Mingyu grinned. Watched the waves of Soonyoung’s heaving chest die down.
Soonyoung smiled back.
Sometimes, when Soonyoung smiled, the world seemed to halt for a brief second before resuming in slow motion. In the crowded street, standing amidst a crowd of people intruding their space, the world ran slowly. Ran. Slowly. It didn’t make sense but neither did other things Soonyoung was capable of. Like his power to fade everything except himself, into a colourless, muted blur. Mingyu murmured mindlessly.
“Works both ways, doesn’t it.”
It unpaused the reality that’d been put on hold. People’s footsteps fast-forwarded to regular time. Colour and sound rushed back. A bunch of pop songs blasting from different stores mashed together to create an ambient drone. Soonyoung hadn’t heard him. He could tell by the way his eyebrow flexed questioningly.

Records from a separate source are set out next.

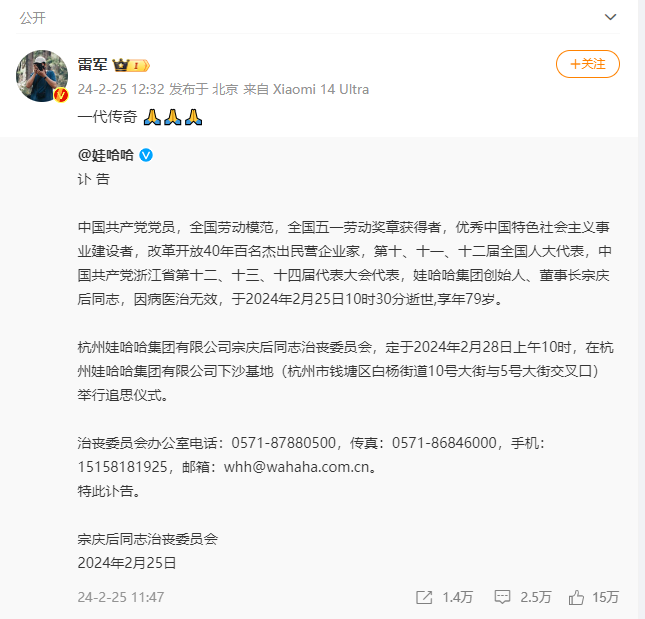 25日中午,小米集团创办人、董事长兼CEO雷军在个人认证微博账号发布消息“一代传奇”,悼念宗庆后。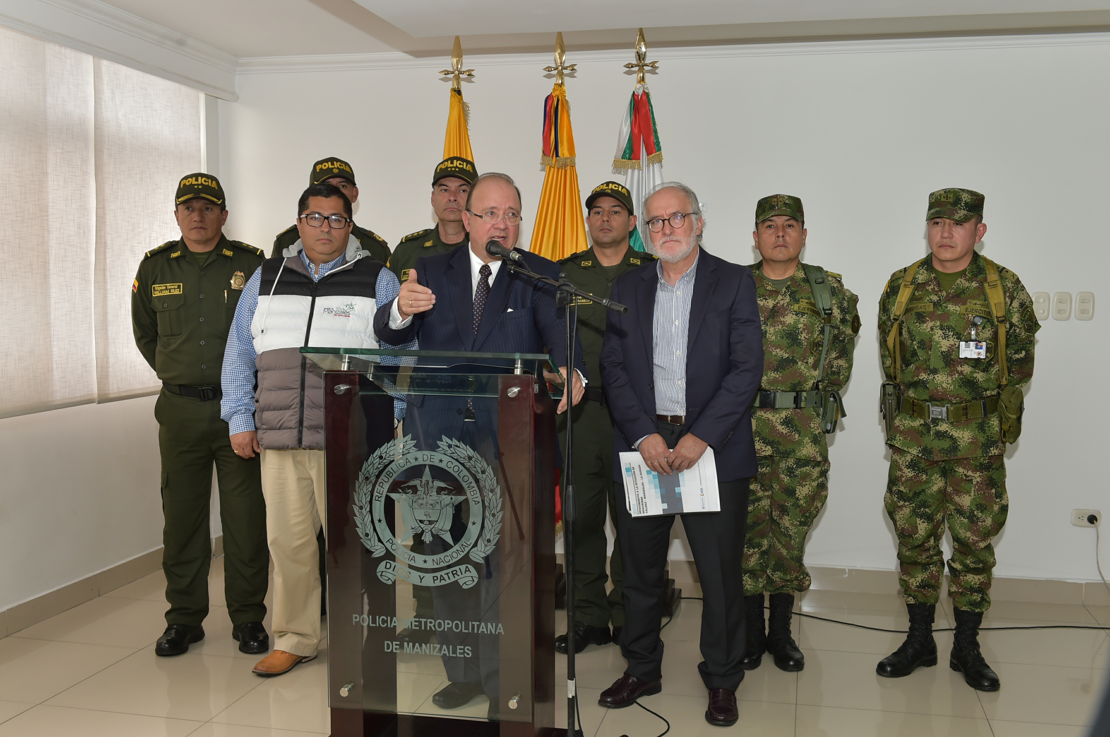 Rueda de prensa Ministro de Defensa reunión de seguridad en Manizales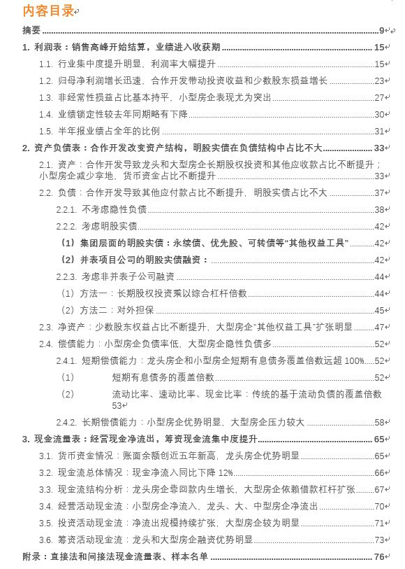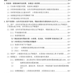 我们通过深度分析房企三张表,发现小型房企不再大举拿地,业绩增长最慢,负债率最低,经营现金流表现最好;龙头房企靠回款内生增长,很好地平衡了规模增速与利润率,负债率第二低,短期偿债能力最强,筹资现金流表现最好;大型房企业绩增速最快,利润率最低,费用率最高,负债率最高。我们估算了房企明股实债的规模,发现明股实债仅仅是一种补充的融资方式,占比不到5%,但大型房企占比较高,达到7.3%;我们估算了房企非并表子公司负债的规模,发现除了龙头房企较多之外,其他几组房企规模不大。从货币资金对一年内到期债务的覆盖能力来看,龙头房企和小型房企短期偿债能力较强,大、中型房企中部分房企短期偿债压力较大。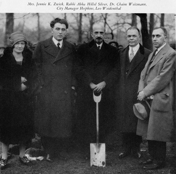 Dedication, Oct. 1927 This photograph shows several dignitaries at the dedication of the Philosophers' Circle of the Hebrew Garden on October 30, 1927. Image courtesy of Cleveland State Library Special Collections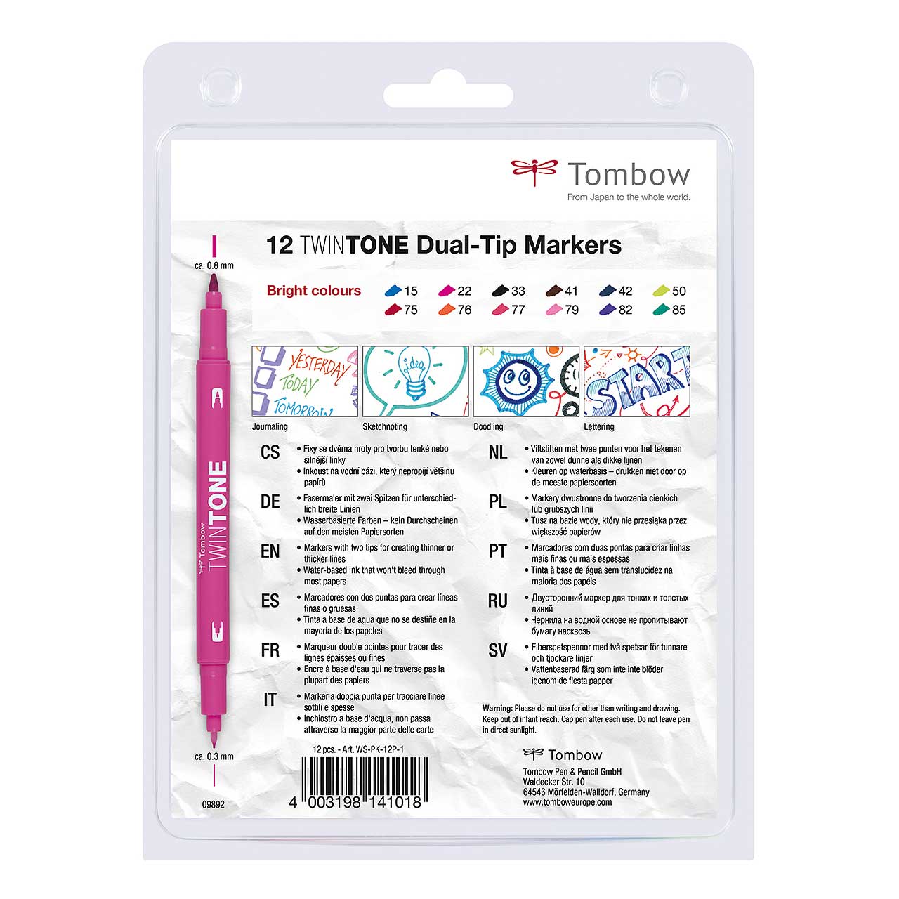 Fasermaler TwinTone mit zwei Spitzen für unterschiedlich breite Linien. Rundspitze mit 0,8 mm Strichstärke, Finelinerspitze mit 0,3 mm Strichstäke. Wasserbasierte Farben - kein Durchscheinen auf den meisten Papiersorten. Ideal für Journaling, Sketchnoting, Doodling, Lettering und vieles mehr. 12er-Set leuchtende Farben, Inhalt: 50 lime green, 85 emerald green, 15 blue, 42 navy, 82 grape, 22 pink, 79 candy pink, 77 cherry pink, 76 carrot orange, 75 strawberry red, 41 chocolate, 33 black.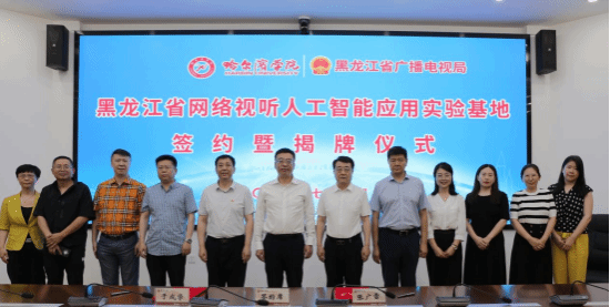 于成学、张广雷共同签署了《哈尔滨学院与黑龙江省广播电视局校政合作战略合作协议》,并为“黑龙江省网络视听人工智能应用实验基地”揭牌,孙红镱、张平为基地执行主任李尧娟、周晓燕颁发了聘任证书。

“—’s nothing.” Mingyu waved it off.
He approached Soonyoung in one swift stride, draping his arms around the elder’s shoulder as he maneuvered him through the bustling roads of Seoul.
Throughout the years, Mingyu had learned to master his laid-back tone. He’d gotten the hang of securing anything from leaking out, slipping out by accident, and covering it up with feigned composure—feigned, because at moments like these it just felt like he was walking on thin ice.
It took lots of time. And practice.
Mingyu stopped in front of a small arcade, making Soonyoung teeter back at the sudden rebound.
“Hyung, wanna?” He nudged his elbow towards the arcade. “For every round I win, we switch clothing again.”
“Seriously? It’s literally been what, five minutes—” Soonyoung began, his voice lacing with lilt when a familiar tune—a Naruto theme song—perked his ears. “Fine, bring it on.”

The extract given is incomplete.